* About this exercise *
Below is a listing to write out in full, exactly as given, without its pictures.

# # #

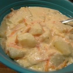2Add butter or margarine, bacon bits and fat, and carrots. Stir in milk, parsley, and instant potatoes; bring to a light boil. Salt and pepper to taste. Cover, and simmer on low until you are ready to eat.
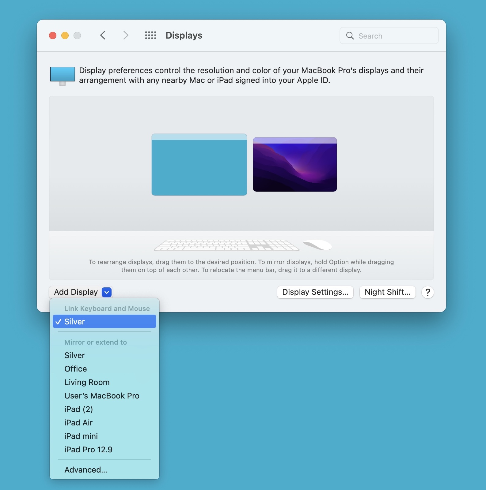 You can also invoke Universal Control directly from System Preferences → Displays. Once there, click the Add Display button in the bottom left-hand corner, and select the name of your eligible Mac or iPad under the Link Keyboard and Mouse heading.
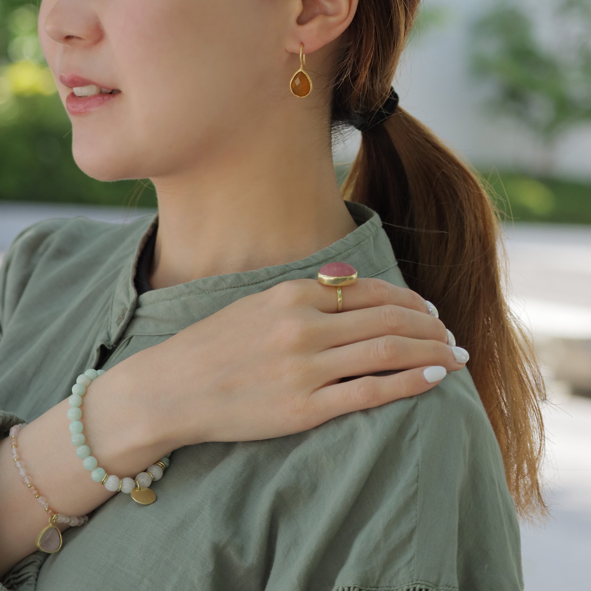 光すぎない金属の真鍮と天然石の組み合わせが気に入っています.他の石のも欲しくなりました.
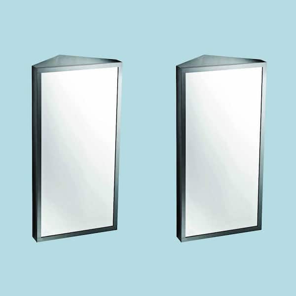 11-7/8 in. Width Corner Medicine Cabinet Satin Brushed Stainless Steel (Set of 2)
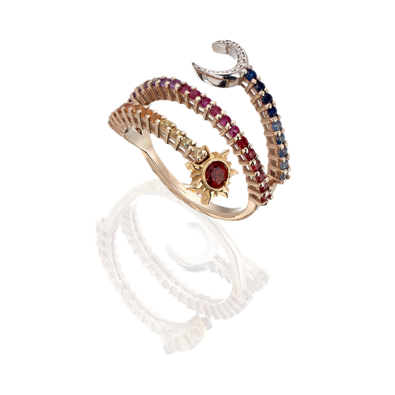 Anel Cores do Céu feito em ouro 18k, citrino de 3mm um mix de gemas coloridas- rubis, citrinos, safiras, topázios, rubelitas.
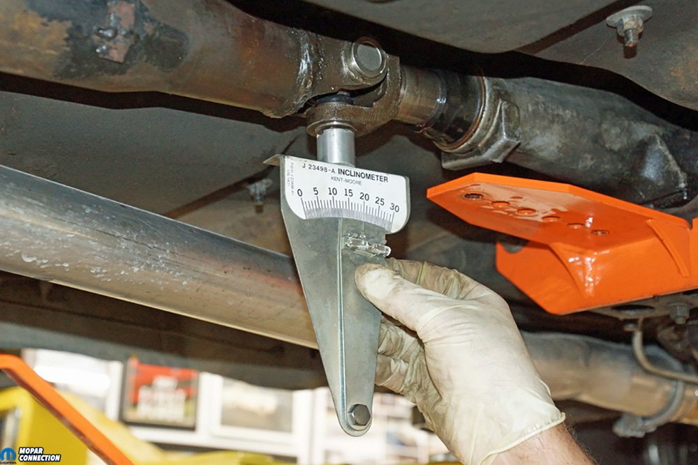 With most of the vibration concerns eliminated, we used an inclinometer to measure the yoke alignment or working angles of the driveshaft. With the rear axle supported on jack stands, we used the inclinometer to make our measurements. We measured the driveshaft for twisting, and there was none. The driveshaft weld-yoke angle at the rear U-joint was 21.5°, and the driveshaft weld-yoke angle at the front U-joint was 21.5°. If the difference between the front and rear U-joint had been greater than 0.5°, this may have indicated a bent or damaged pinion-yoke, which would require repair or replacement.
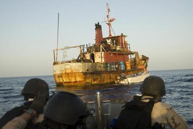 | Keywords: Members of a visit, board, search and seizure (VBSS) team approach a suspected pirate mothership.jpg Members of a visit board search and seizure VBSS team from the guided-missile cruiser USS Gettysburg CG 64 and U S Coast Guard Tactical Law Enforcement Team South Detachment 409 approach a suspected pirate mothership after responding to a merchant vessel distress signal while operating in the Combined Maritime Forces CMF area of responsibility as part of Combined Task Force CTF 151 CTF 151 is a multinational task force established to conduct counter-piracy operations under a mission-based mandate throughout the CMF area of responsibility to actively deter disrupt and suppress piracy in order to protect global maritime security and secure freedom of navigation for the benefit of all nations http //www navy mil/view_image asp id 71603 U S Navy photo by Mass Communication Specialist 1st Class Eric L Beauregard/Released 2009-05-13 <gallery>File US militaries seized suspected pirates jpg File Pirates capture-May 2009 jpg</gallery> PD-USGov-Military-Navy Combined Task Force 151 Piracy in Somalia Aboard USS Gettysburg CG-64 |
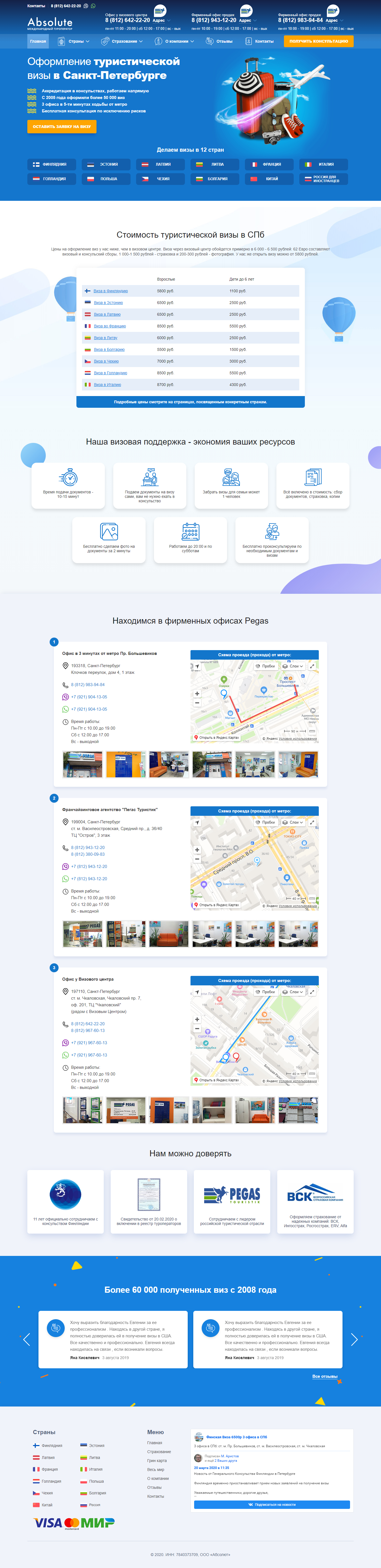 Редизайн, seo-оптимизация и копирайтинг для сайта по оформлению виз в Санкт-Петербурге.
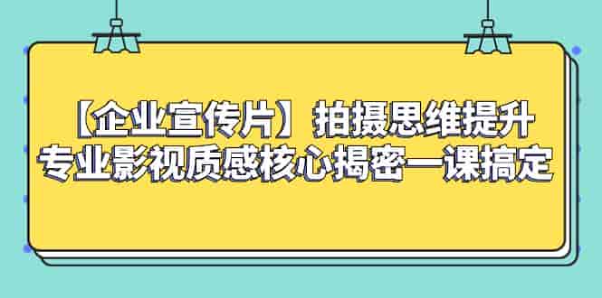 【企业宣传片】拍摄思维提升专业影视质感核心揭密一课搞定
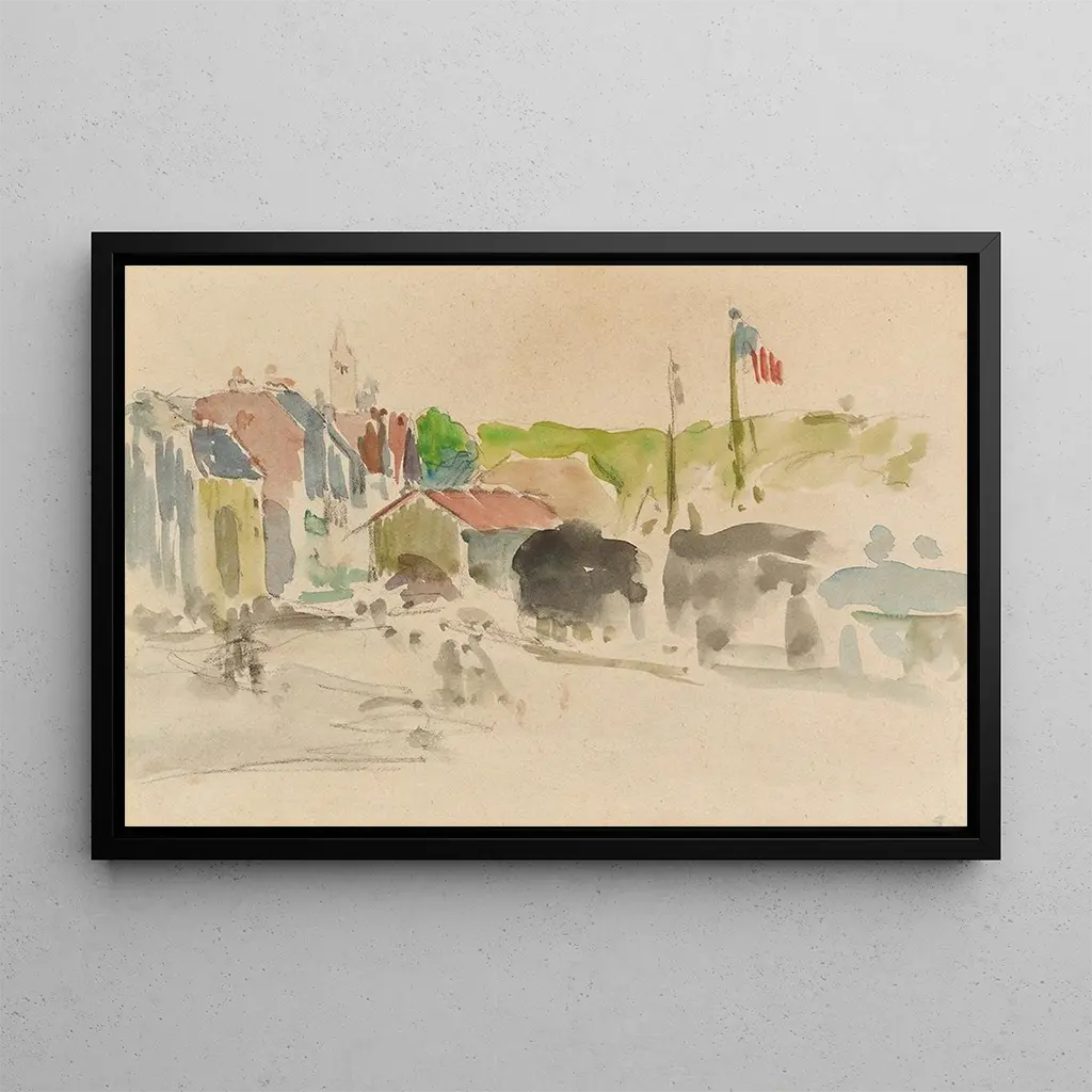 Dans "Le Village", Paul Gauguin nous transporte au cœur d'une scène bucolique, où les maisons colorées se mêlent à la verdure luxuriante. Les teintes chaudes de jaune et d'orange contrastent avec les bleus profonds du ciel, créant une atmosphère à la fois joyeuse et apaisante. La technique de la peinture à l'huile, caractéristique de Gauguin, se manifeste par des coups de pinceau audacieux et expressifs, donnant vie à chaque élément du tableau. L'œuvre invite à contempler la simplicité et la beauté de la vie rurale, tout en évoquant une nostalgie pour un monde moins industrialisé.
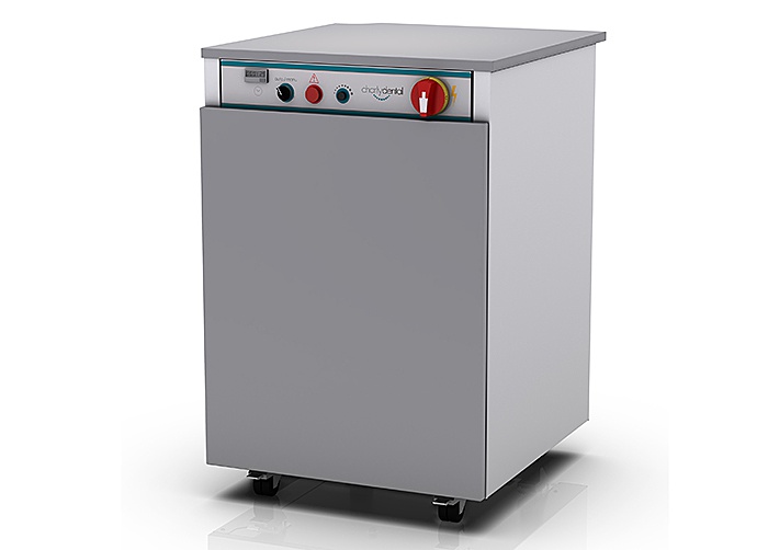 Funzionamento manuale o automatico. Facile da pulire con un sistema a binario per l'unità di aspirazione: facile accesso alla vasca e ai filtri. Facile da spostare grazie alle ruote. Dimensioni: 600x685x900 mm. Alimentazione elettrica: 220-230 V monofase.
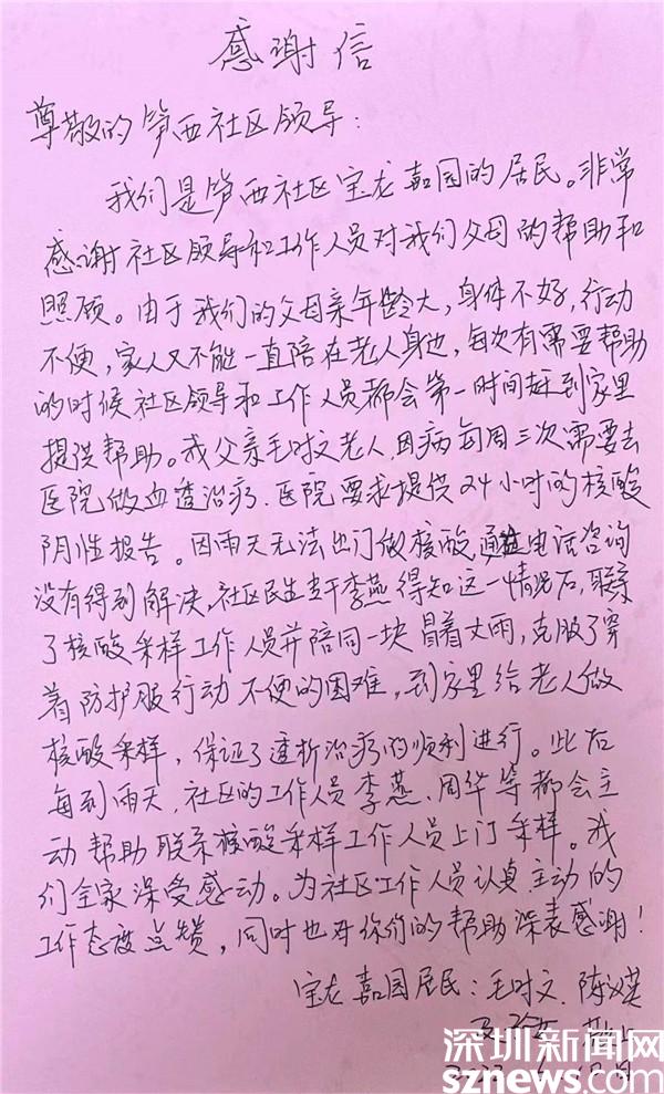 讀特客戶端·深圳新聞網(wǎng)2022年6月13日訊(記者 劉嘉敏 通訊員 李秀甜)近日,羅湖區(qū)筍崗街道筍西社區(qū)寶龍嘉園住戶毛時(shí)文的老伴陳漢英阿姨來到筍西社區(qū)工作站,送上了一封手寫的感謝信,感謝社區(qū)提供貼心的上門核酸采樣服務(wù)。

# # #

* Result of this task *
2Add butter or margarine, bacon bits and fat, and carrots. Stir in milk, parsley, and instant potatoes; bring to a light boil. Salt and pepper to taste. Cover, and simmer on low until you are ready to eat.
 You can also invoke Universal Control directly from System Preferences → Displays. Once there, click the Add Display button in the bottom left-hand corner, and select the name of your eligible Mac or iPad under the Link Keyboard and Mouse heading.
 光すぎない金属の真鍮と天然石の組み合わせが気に入っています.他の石のも欲しくなりました.
 11-7/8 in. Width Corner Medicine Cabinet Satin Brushed Stainless Steel (Set of 2)
 Anel Cores do Céu feito em ouro 18k, citrino de 3mm um mix de gemas coloridas- rubis, citrinos, safiras, topázios, rubelitas.
 With most of the vibration concerns eliminated, we used an inclinometer to measure the yoke alignment or working angles of the driveshaft. With the rear axle supported on jack stands, we used the inclinometer to make our measurements. We measured the driveshaft for twisting, and there was none. The driveshaft weld-yoke angle at the rear U-joint was 21.5°, and the driveshaft weld-yoke angle at the front U-joint was 21.5°. If the difference between the front and rear U-joint had been greater than 0.5°, this may have indicated a bent or damaged pinion-yoke, which would require repair or replacement.
 | Keywords: Members of a visit, board, search and seizure (VBSS) team approach a suspected pirate mothership.jpg Members of a visit board search and seizure VBSS team from the guided-missile cruiser USS Gettysburg CG 64 and U S Coast Guard Tactical Law Enforcement Team South Detachment 409 approach a suspected pirate mothership after responding to a merchant vessel distress signal while operating in the Combined Maritime Forces CMF area of responsibility as part of Combined Task Force CTF 151 CTF 151 is a multinational task force established to conduct counter-piracy operations under a mission-based mandate throughout the CMF area of responsibility to actively deter disrupt and suppress piracy in order to protect global maritime security and secure freedom of navigation for the benefit of all nations http //www navy mil/view_image asp id 71603 U S Navy photo by Mass Communication Specialist 1st Class Eric L Beauregard/Released 2009-05-13 <gallery>File US militaries seized suspected pirates jpg File Pirates capture-May 2009 jpg</gallery> PD-USGov-Military-Navy Combined Task Force 151 Piracy in Somalia Aboard USS Gettysburg CG-64 |
 Редизайн, seo-оптимизация и копирайтинг для сайта по оформлению виз в Санкт-Петербурге.
 【企业宣传片】拍摄思维提升专业影视质感核心揭密一课搞定
 Dans "Le Village", Paul Gauguin nous transporte au cœur d'une scène bucolique, où les maisons colorées se mêlent à la verdure luxuriante. Les teintes chaudes de jaune et d'orange contrastent avec les bleus profonds du ciel, créant une atmosphère à la fois joyeuse et apaisante. La technique de la peinture à l'huile, caractéristique de Gauguin, se manifeste par des coups de pinceau audacieux et expressifs, donnant vie à chaque élément du tableau. L'œuvre invite à contempler la simplicité et la beauté de la vie rurale, tout en évoquant une nostalgie pour un monde moins industrialisé.
 Funzionamento manuale o automatico. Facile da pulire con un sistema a binario per l'unità di aspirazione: facile accesso alla vasca e ai filtri. Facile da spostare grazie alle ruote. Dimensioni: 600x685x900 mm. Alimentazione elettrica: 220-230 V monofase.
 讀特客戶端·深圳新聞網(wǎng)2022年6月13日訊(記者 劉嘉敏 通訊員 李秀甜)近日,羅湖區(qū)筍崗街道筍西社區(qū)寶龍嘉園住戶毛時(shí)文的老伴陳漢英阿姨來到筍西社區(qū)工作站,送上了一封手寫的感謝信,感謝社區(qū)提供貼心的上門核酸采樣服務(wù)。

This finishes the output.